=== GIVEN DATA ===
-- Opening Marker --
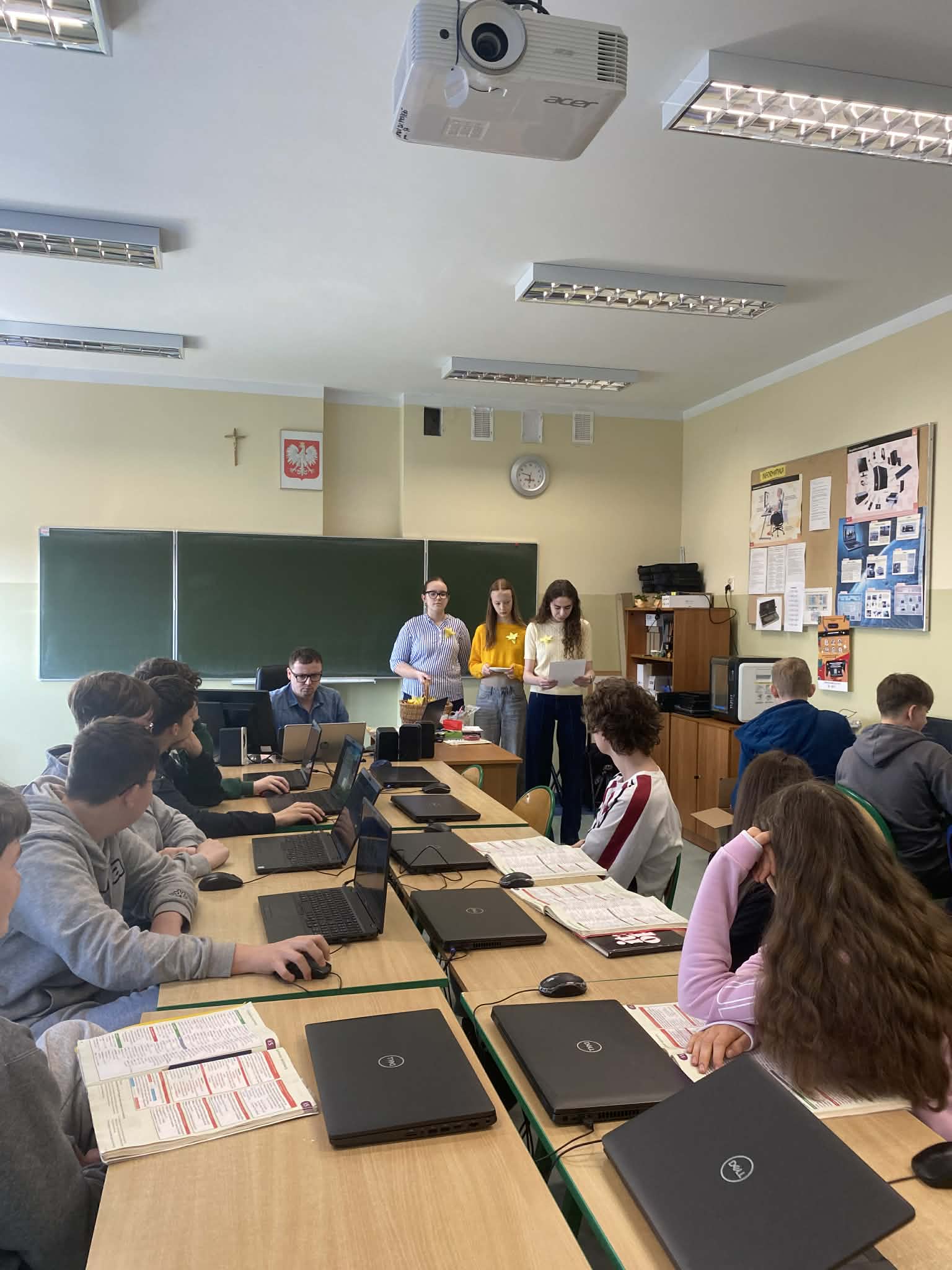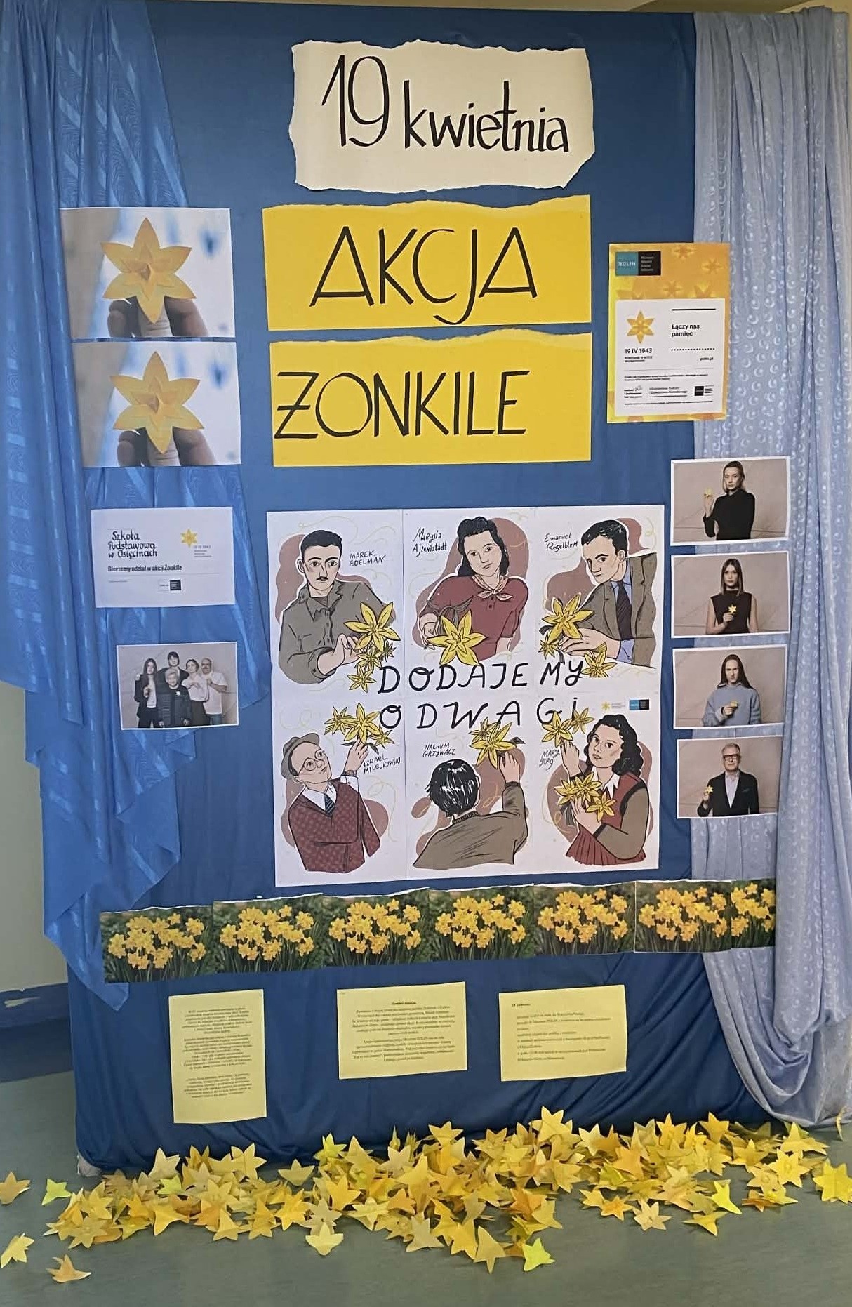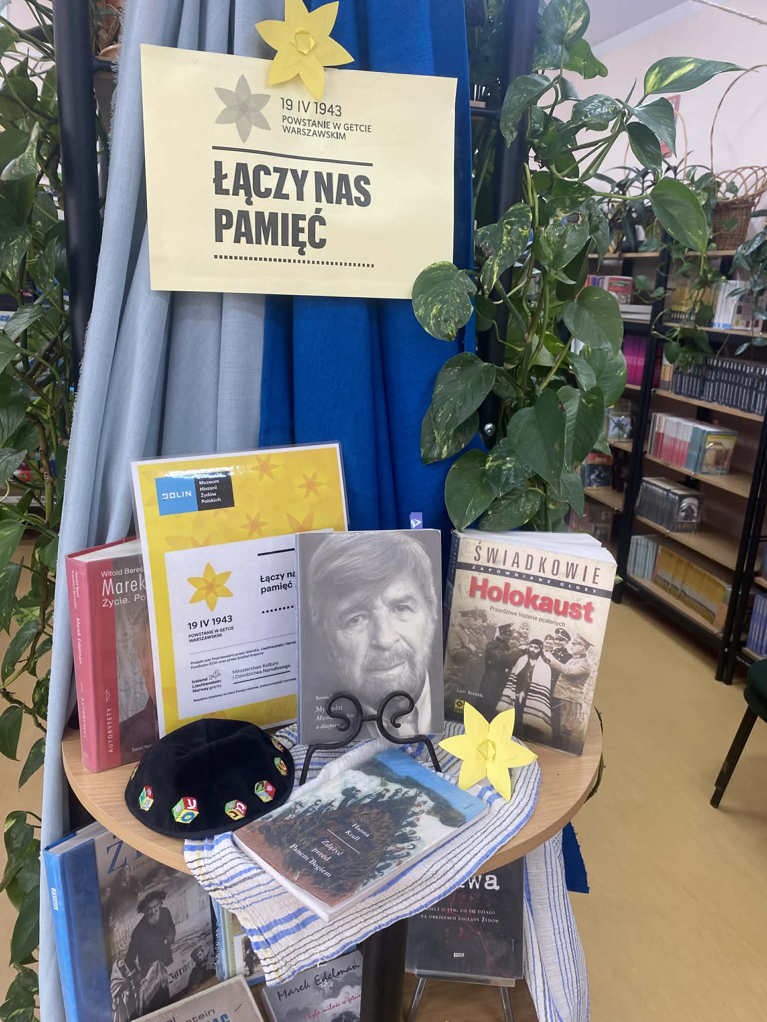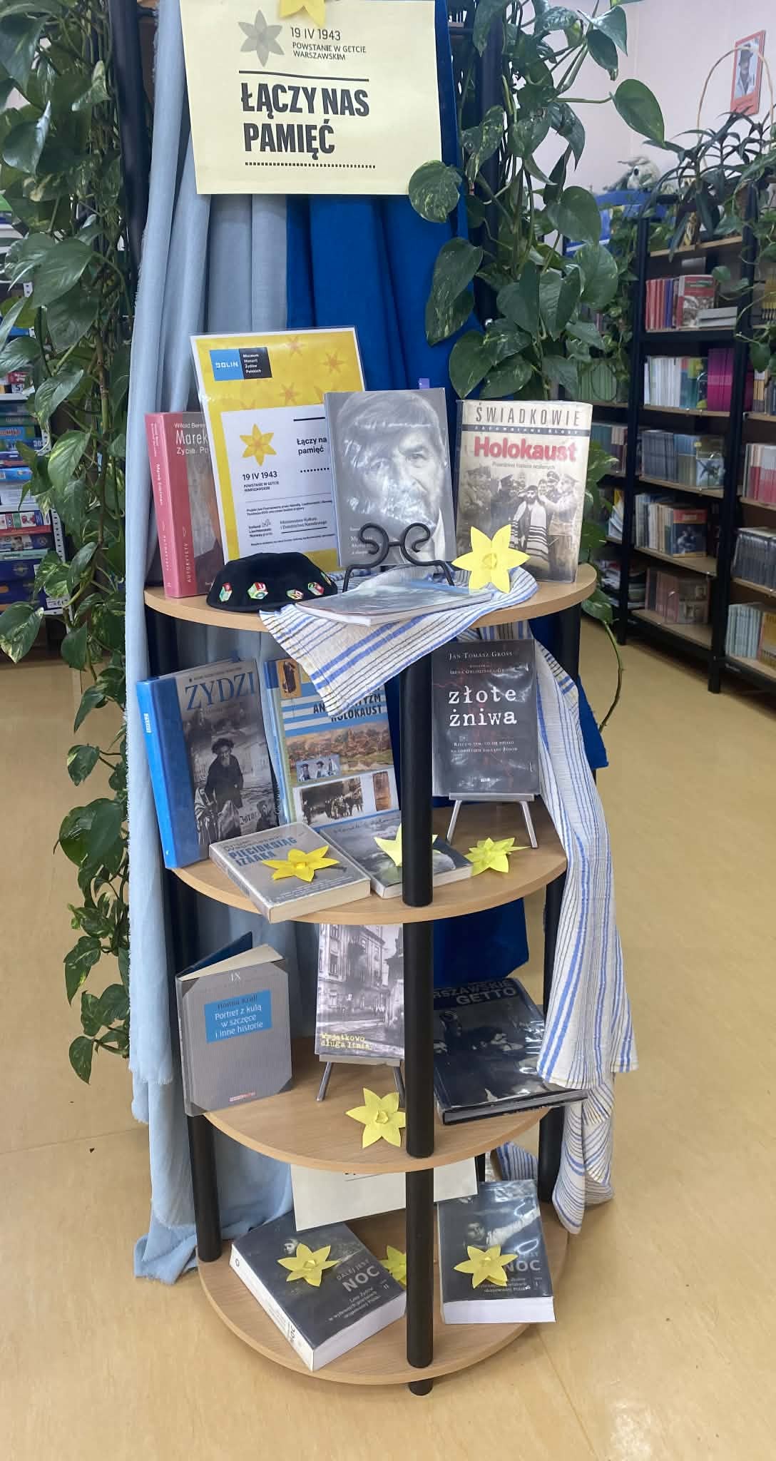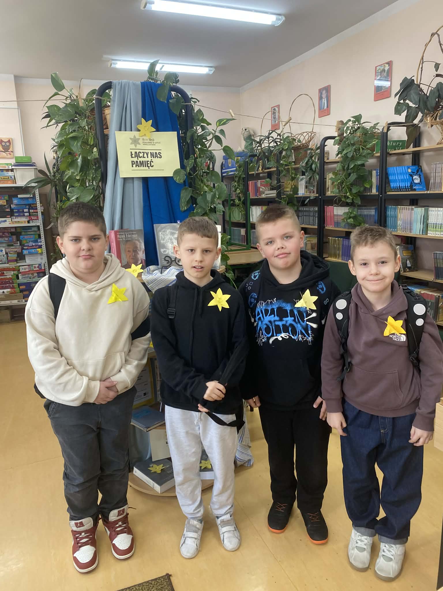 17 kwietnia 2026 r. obchodziliśmy w naszej szkole 83. rocznicę wybuchu powstania w getcie warszawskim – największego zbrojnego zrywu Żydów podczas II wojny światowej, a zarazem pierwszego powstania miejskiego w okupowanej Europie (19.04.1943 r.). Tego dnia Muzeum Historii Żydów Polskich POLIN organizuje corocznie akcję społeczno – edukacyjną pod hasłem „Akcja Żonkile”. Kolejny raz biblioteka szkolna wspólnie z p. Małgorzatą Hejman postanowiła przyłączyć się do tej wyjątkowej inicjatywy poprzez przeprowadzenie zajęć na temat holokaustu, przygotowanie wystawki książek oraz tablicy informacyjnej na korytarzu szkolnym z treściami związanymi z powstaniem w getcie warszawskim.
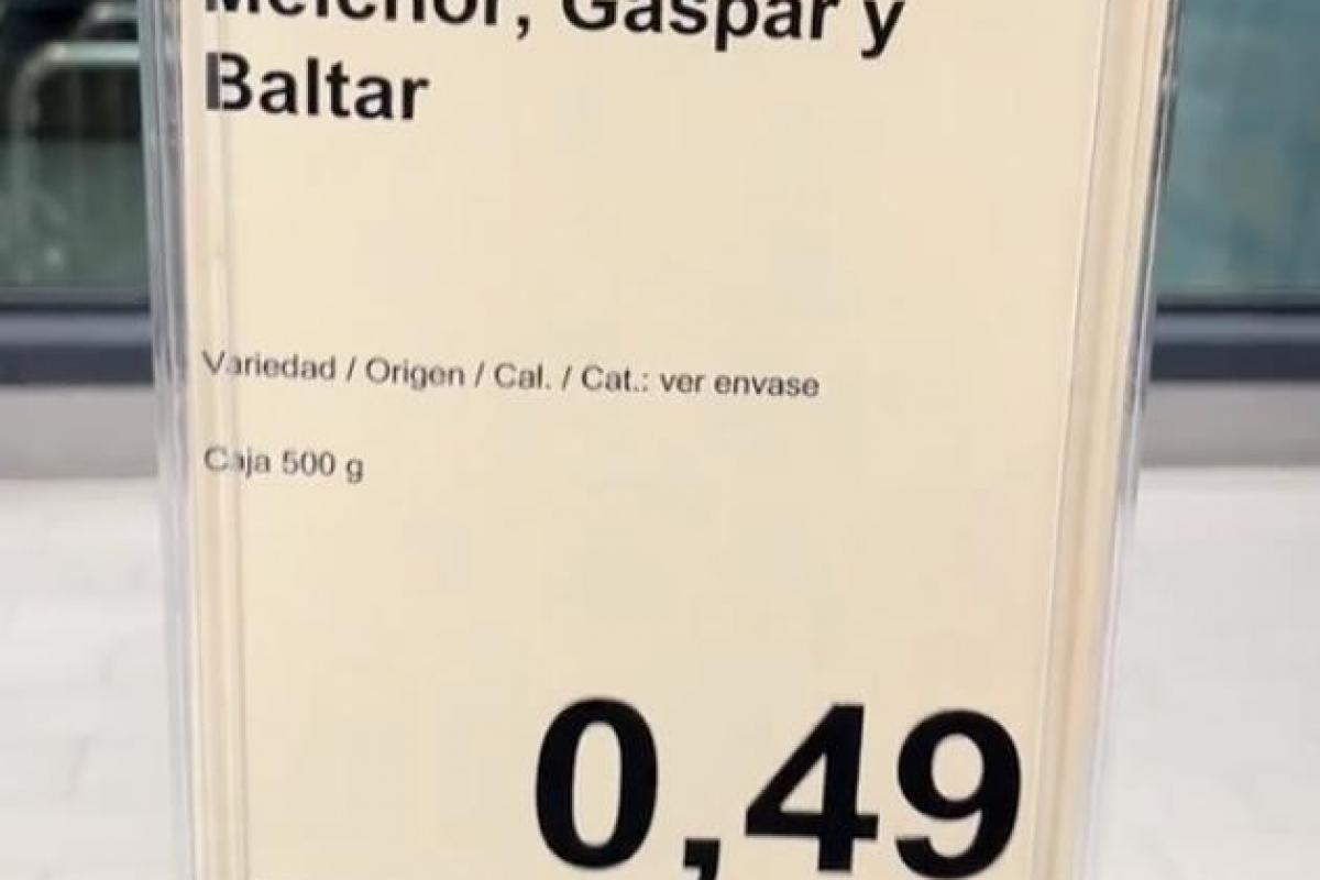 En un cartel se puede leer "Melchor, Gaspar y Baltar (sic)" y justo debajo que la cosa en cuestión vale 0,49 euros.
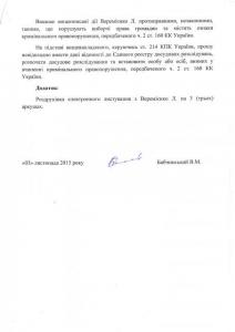 У зв'язку з цим автор заяви зажадав, керуючись ст. 214 Кримінально-процесуального кодексу України, внести ці дані до Єдиного реєстру досудових розслідувань, почати досудове розслідування та встановити громадянина або громадян, винних у кримінальному правопорушенні.
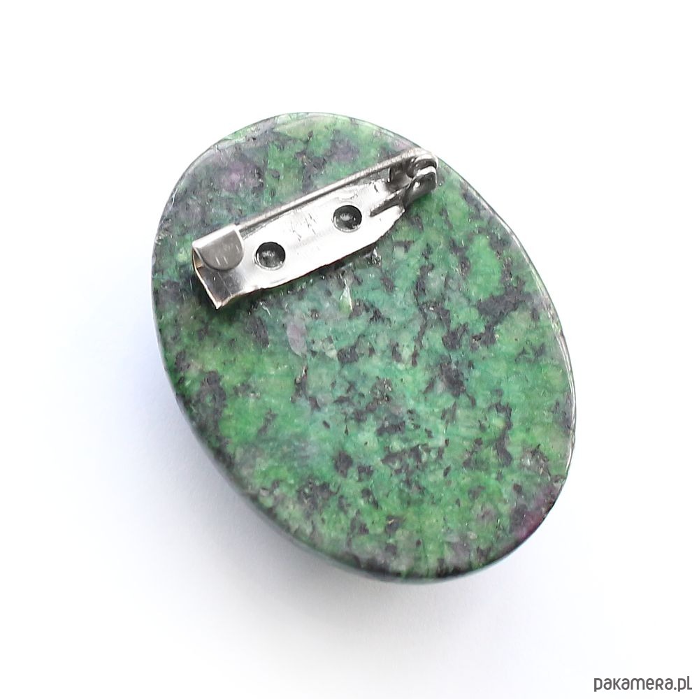 Ręcznie wykonana broszka kaboszonowa z zoisytem i rubinem. Stylowy dodatek do garderoby lub wnętrza!
-- Closing Marker --
=== AIM OF THE TASK ===
The lines from the one holding "En un cartel" through the end of the material above are to be echoed exactly, both ends included. Do not include pictures.

=== ANSWER ===
 En un cartel se puede leer "Melchor, Gaspar y Baltar (sic)" y justo debajo que la cosa en cuestión vale 0,49 euros.
 У зв'язку з цим автор заяви зажадав, керуючись ст. 214 Кримінально-процесуального кодексу України, внести ці дані до Єдиного реєстру досудових розслідувань, почати досудове розслідування та встановити громадянина або громадян, винних у кримінальному правопорушенні.
 Ręcznie wykonana broszka kaboszonowa z zoisytem i rubinem. Stylowy dodatek do garderoby lub wnętrza!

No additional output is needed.